There’s also the fencing.

“One thing I just love about this show is how physical it is,” said Brittny Rebhuhn, the show’s other director.

She said she loves theater that can pull in audiences with athleticism, and the actors learned how to play that up for the biggest benefit.

“We hit gold with three amazing actors who are also amazing athletes,” Schmitt agreed.

Alex Wendel, one of two artistic producers for the Iowa Stage Theatre Company, said the cast got fencing lessons from Steven Behrends and Melanie Lahart, both certified fencing coaches and founders of the Central Iowa Fencing Academy and the DMACC (Des Moines Area Community College) Blades.

“They have trained our actors to fence, and then we—as directors and producers who have experience with stage combat—then go in and we translate,” Wendel said.

Rebhuhn said fencing itself is fast and technical, and moving it to the stage provided a fun challenge.

“While the actors were learning the techniques and the speed of it, we also had to had to work with letting some of those things go to make it work for the stage and work for the piece,” she said.

“That being said, we noticed as we worked through the process that we would choreograph things after a fencing lesson and then we would revisit it in about a week’s time, and the amount of growth the actors had in just their fencing ability was super impressive and just felt like gold,” she continued.

Having all of that in the intimate space of the Stoner Theater was another fun challenge, especially because the stage isn’t only serving as a fencing studio.

“This play also jumps a lot,” Rebhuhn said. “It takes place over the course of the year … So we’re in the fencers’ club, then one minute we’re in a rave, the next minute we’re in an orthodontist’s office.”
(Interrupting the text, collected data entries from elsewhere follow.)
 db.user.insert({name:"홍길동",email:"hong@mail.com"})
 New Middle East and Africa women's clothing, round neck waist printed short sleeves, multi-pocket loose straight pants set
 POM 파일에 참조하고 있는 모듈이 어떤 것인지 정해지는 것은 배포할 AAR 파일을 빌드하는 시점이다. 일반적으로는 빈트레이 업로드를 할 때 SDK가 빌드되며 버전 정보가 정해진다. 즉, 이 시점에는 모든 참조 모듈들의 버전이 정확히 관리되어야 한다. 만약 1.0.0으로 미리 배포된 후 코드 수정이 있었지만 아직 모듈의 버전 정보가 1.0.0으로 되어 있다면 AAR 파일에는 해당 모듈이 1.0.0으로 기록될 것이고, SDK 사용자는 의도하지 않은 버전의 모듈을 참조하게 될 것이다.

To help with those transitions and time jumps, Wendel hired a local musician, Javier Lopez of Goatfoam, to write music for the show.
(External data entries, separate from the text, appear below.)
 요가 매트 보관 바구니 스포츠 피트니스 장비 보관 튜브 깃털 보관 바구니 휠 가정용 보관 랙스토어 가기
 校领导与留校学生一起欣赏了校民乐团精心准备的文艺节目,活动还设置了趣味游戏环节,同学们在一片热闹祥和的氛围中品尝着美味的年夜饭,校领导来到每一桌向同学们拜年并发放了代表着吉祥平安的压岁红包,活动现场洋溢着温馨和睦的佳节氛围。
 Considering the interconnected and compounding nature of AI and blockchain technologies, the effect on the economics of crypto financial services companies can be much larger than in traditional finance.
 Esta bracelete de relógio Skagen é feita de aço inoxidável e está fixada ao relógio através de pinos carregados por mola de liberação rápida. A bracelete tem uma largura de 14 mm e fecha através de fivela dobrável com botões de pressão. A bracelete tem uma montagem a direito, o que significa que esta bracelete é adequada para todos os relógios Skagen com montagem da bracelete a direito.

“There’s all these moments of transition that he has underscored, so I hope that the audience goes on this ride and is transported with the actors and with us in the story,” Rebhuhn said.

Alyson O’Hara is another local who contributed talent to the show. A multi-disciplinary artist in Des Moines, she created art for the show, including the poster.

Because the focus in on teenage girlhood, the directors said they were inspired by punk music and going for a similar vibe.

Rebhuhn said audiences should get hyped for “a rocking good time.”

Tickets are $40 for regular guests, $25 for students and “huge day-of matinee discounts,” according to Wendel.